You know, the play at the plate that knocked Sabean's franchise catcher and best offensive player out for the season? Yeah, that one. Turns out, Sabean, like Bruce Bochy before him, is not too happy about it, and absolutely lashed Cousins on the air.
"Why not be hard-nosed?" Sabean said, per Hank Schulman of the San Francisco Chronicle. "If I never hear from Cousins again or he never plays another game in the big leagues, I think we'll all be happy."
BOOM. I mean, it's one thing when two players go back and forth in the media. Or even a coach and a player. Or Ozzie Guillen and random people on Twitter. But this the general manager of the world champs, straight beating on a random role player for a team that isn't even in the division.
And Sabean wasn't done.
"He chose to be a hero in my mind, and if that's his flash of fame, that's as good as it's going to get, pal," Sabean said. "We'll have a long memory. Believe me, we've talked to [former catcher Mike] Matheny about how this game works. You can't be that out-and-out overly aggressive. I'll put it as politically as I can state it: There's no love lost, and there shouldn't be."
Naturally, this didn't go over well with Cousins' camp. His agent, Matt Sosnick, who also represents the Giants' Freddy Sanchez, didn't appreciate the comments.
"I am really hoping that he was speaking in the heat of the moment and out of emotion," Sosnick said. "Because if he wasn't, he took a bad situation and certainly made it a lot worse."
Sosnick also said that if it "Buster Posey or [Aubrey] Huff or [Cody] Ross had run over [Marlins catcher] John Buck and injured him in the same play, the Giants players would be celebrating a great hard play that gave their team a victory" and that Sabean wouldn't have thought the play was dirty.
That's a valid point, of course, but it's pretty obvious that Sabean believes -- having seen the slowed-down version of the play -- that Cousins was "hunting" for Posey.
"If you listen to the kid's comments after the fact, he pretty much decided and it was premeditated that if he got a chance, he was going to blow up the catcher to dislodge the ball," Sabean said. "And if you watch frame by frame from different angles, he does not take the path to the plate to try to score.
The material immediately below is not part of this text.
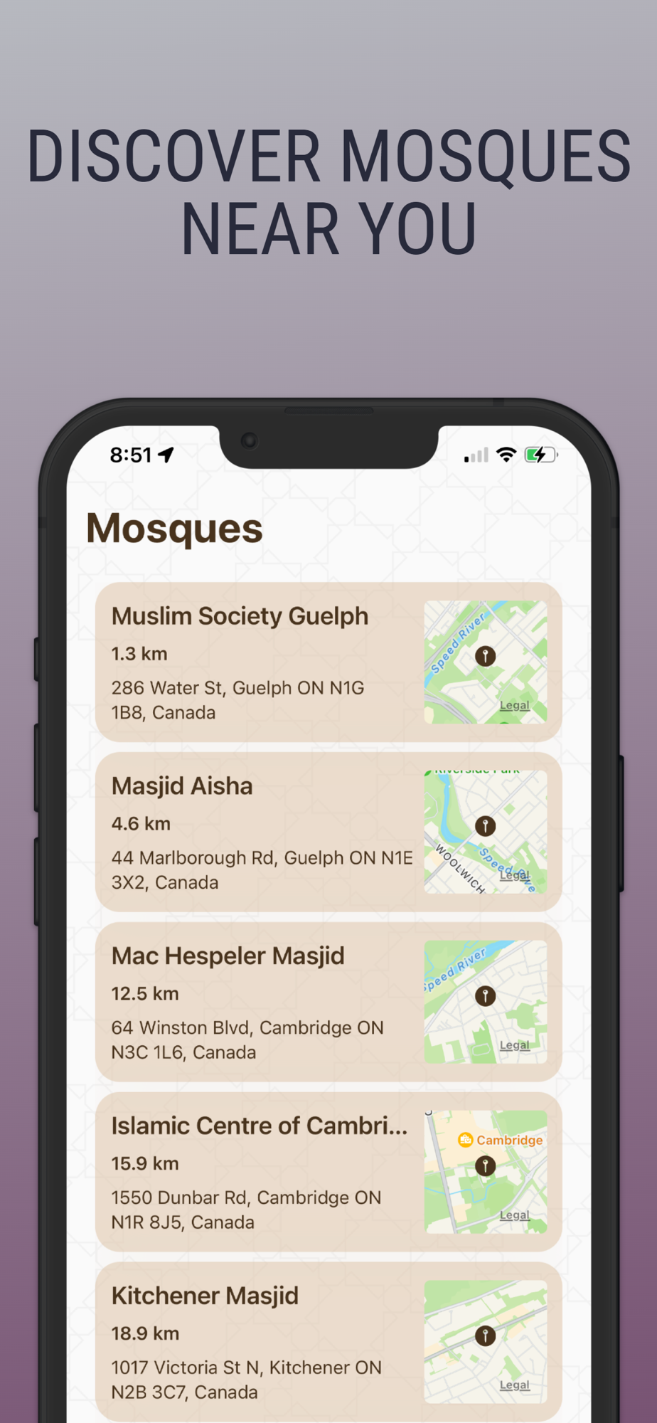 Mu’min offers a new feature that allows you to locate Mosques near you. With the new Mosques feature, you can easily discover mosques closest to you while on the go.

"He goes after Buster, right shoulder on right shoulder, and to me, that's malicious."
Cousins, who has received death threats because of the play, didn't want to comment on the situation any further.
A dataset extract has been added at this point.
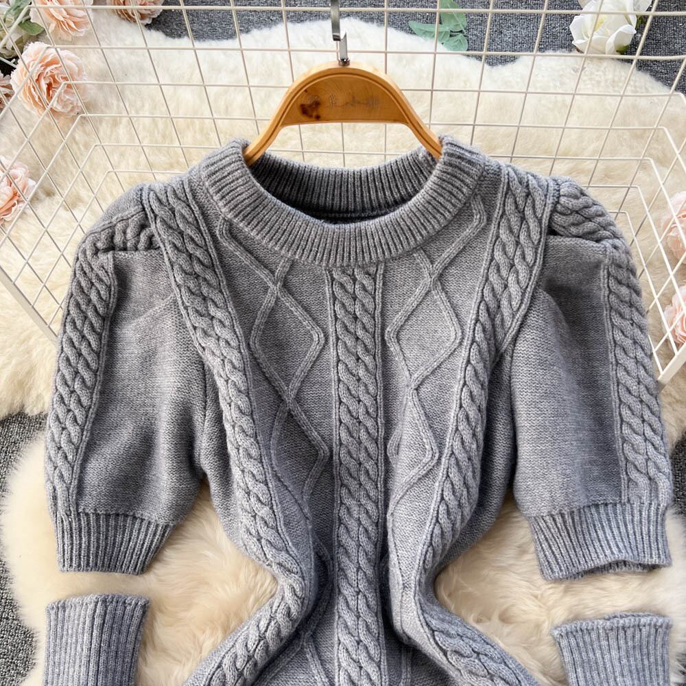 秋と冬の新しいスタイル痩身レトロパフスリーブツイストニットドレス気質セレブバッグヒップスカート袖付き オータム 秋物 ウィンター 冬物 lyxaj31667923376

"I've said my piece," Cousins said. "I feel horrible for Posey. The aftermath of this has not been fun."
It certainly hasn't. Death threats aren't a joke, and no one wants to become "famous" for hurting a player that's beloved by fans and players alike.
But there's also a pretty good argument that since Cousins is, you know, still playing baseball, that the aftermath of the incident hasn't been as bad for him as it's been for Posey.
That's just an argument that Brian Sabean doesn't need to be making on the radio.